**YOUR OBJECTIVE:**
Beginning with the opening line of the entries, return every line through the one containing "- Ergonomic design, right", both included, and nothing else. Omit pictures.

(Data records)
=-=-=

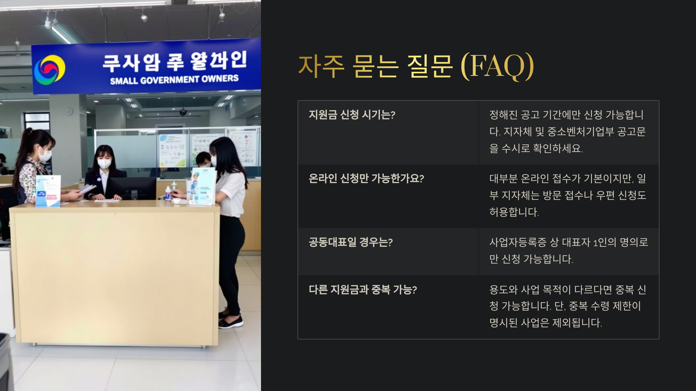 A5. 현재 사업자등록이 유지되고 실제 영업 중이라면 신청은 가능해요. 하지만 지급 이후 폐업 시 환수 대상이 될 수 있으니 신중히 결정하세요.
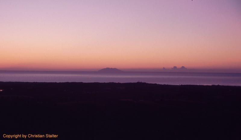 Morgens um 06:00 Uhr , Blick Richtung Osten bei ganz klarem Himmel, die Isola di Montecristo ist genial gut zu erkennen |
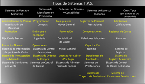 Sistemas de ventas y marketing: son los que realizan transacciones referentes a administración de ventas, investigación de mercados, productos nuevos, sistema de comisiones por venta, fijación de precios.Sistemas de manufactura y producción: sistemas por los cuales se realiza programación, compras, sistemas de ingeniería, control de calidad, control de máquina. Sistemas de finanzas y contabilidad: por los cuales se realizan presupuestos, facturación, contabilidad de costos, cuentas por cobrar y pagar. Sistemas de recursos Humanos: a través de esto se registra el personal, se realiza la nómina, el expediente de los empleados. Otros tipos: cualquier organización se realicen transacciones automatizadas, por ejemplo un el sistema de una compañía de seguros.
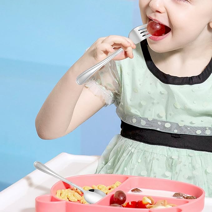 - Ergonomic design, right size ideal for little hand and mouth, kids forks are sharp enough to stab food easily but wouldnāt hurt childrenās mouth, baby spoons are deep enough to hold a good amount of soup
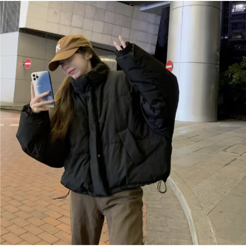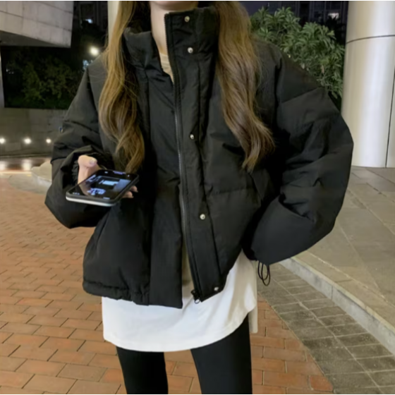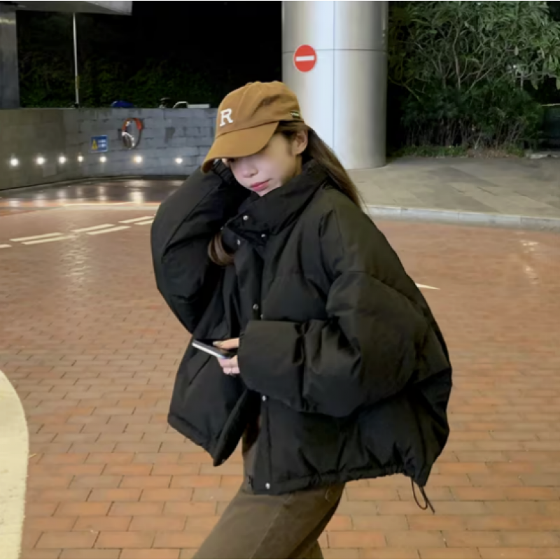 Women'S 2025 Winter Korean Style Oversized Loose-Fit Jacket - Soft Stand Collar Puffer Coat with Full-Zip Closure, Long Sleeve Casual Outerwear, Solid Color (Light Shown) for Everyday & Formal Wear, Warm Insulating Coat for Cold Weather
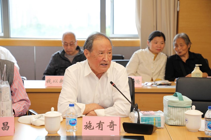 学校离休干部代表、93岁高龄的施有奇老师代表老同志们感谢学校党委的关心和关爱。他讲到,“我虽然已经93岁了,但是我要退休不褪色,永远听党话、跟党走,保持革命本色,传承红色基因”。
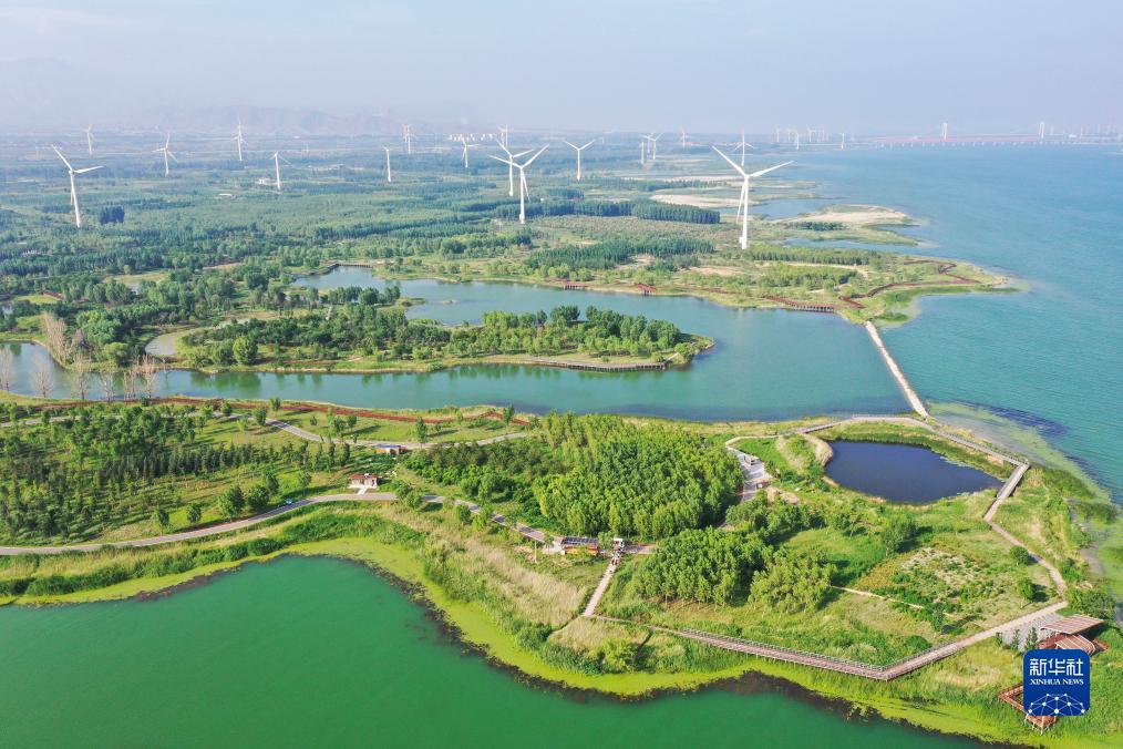 這是2021年7月8日拍攝的河北省懷來縣官廳水庫國家濕地公園景色(無人機(jī)照片)。近年來,懷來縣不斷加強(qiáng)官廳水庫生態(tài)濕地保護(hù)與修復(fù)工程,官廳水庫及上游永定河流域的生態(tài)環(huán)境明顯改善。
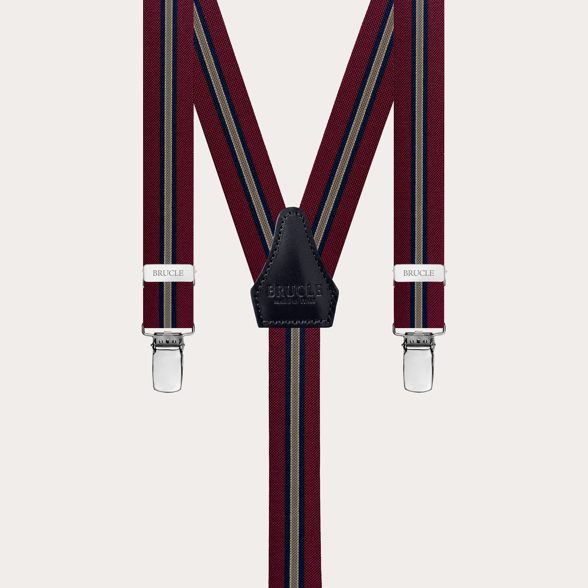 Tirantes regimentales burdeos estrechos en forma de X, con 4 correas y enganche de clip. Un modelo práctico que, gracias a los 4 clips, garantiza el máximo soporte. Estos tirantes también son ajustables y se adaptan a la mayoría de las personas. Sin embargo, gracias al servicio a medida, podemos fabricar tirantes para tallas grandes y personas altas. Estos tirantes también son personalizables con grabados.
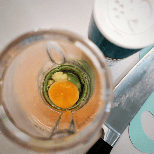 Break an egg into the blender and add salt.
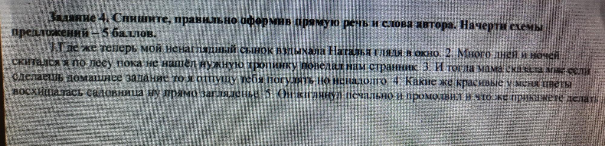 Задание 4. Спишите, правильно оформив прямую речь и слова автора. Начерти схемы предложений – 5 баллов. 1.Где же теперь мой ненаглядный сынок вздыхала Наталья глядя в окно. 2 Много дней и ночей скитался я по лесу пока не нашёл нужную тропинку поведал нам странник. 3. И тогда мама сказала мне если сделаешь домашнее задание то я отпущу тебя погулять но ненадолго. 4. Какие же красивые у меня цветы восхишалась салонница ну прямо загляденье 5. Он взглянул печально и промолвил и что же прикажете делать.
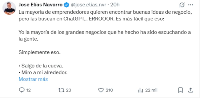 "La mayoría de emprendedores quieren encontrar buenas ideas de negocio, pero las buscan en ChatGPT... error", escribió el empresario en su publicación.
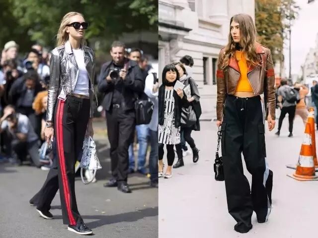 “校服裤”也会用来作一些比较前卫、时尚的搭配,是真正的“旧物新穿”,从整体感觉考虑会更适合选择一双风格匹配的尖头短靴,很酷~
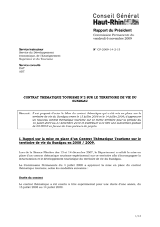 Il est proposé d'acter le bilan du contrat thématique qui a été mis en place sur le territoire de vie du Sundgau entre le 15 juillet 2008 et le 14 juillet 2009, d'approuver un nouveau contrat thématique tourisme sur ce même territoire pour la période du 15 juillet 2009 au 31 décembre 2010 et d'attribuer à ce titre une subvention globale de 60 000 € en faveur de trois porteurs de projets.

=-=-=

**EXERCISE OUTPUT:**
 A5. 현재 사업자등록이 유지되고 실제 영업 중이라면 신청은 가능해요. 하지만 지급 이후 폐업 시 환수 대상이 될 수 있으니 신중히 결정하세요.
 Morgens um 06:00 Uhr , Blick Richtung Osten bei ganz klarem Himmel, die Isola di Montecristo ist genial gut zu erkennen |
 Sistemas de ventas y marketing: son los que realizan transacciones referentes a administración de ventas, investigación de mercados, productos nuevos, sistema de comisiones por venta, fijación de precios.Sistemas de manufactura y producción: sistemas por los cuales se realiza programación, compras, sistemas de ingeniería, control de calidad, control de máquina. Sistemas de finanzas y contabilidad: por los cuales se realizan presupuestos, facturación, contabilidad de costos, cuentas por cobrar y pagar. Sistemas de recursos Humanos: a través de esto se registra el personal, se realiza la nómina, el expediente de los empleados. Otros tipos: cualquier organización se realicen transacciones automatizadas, por ejemplo un el sistema de una compañía de seguros.
 - Ergonomic design, right size ideal for little hand and mouth, kids forks are sharp enough to stab food easily but wouldnāt hurt childrenās mouth, baby spoons are deep enough to hold a good amount of soup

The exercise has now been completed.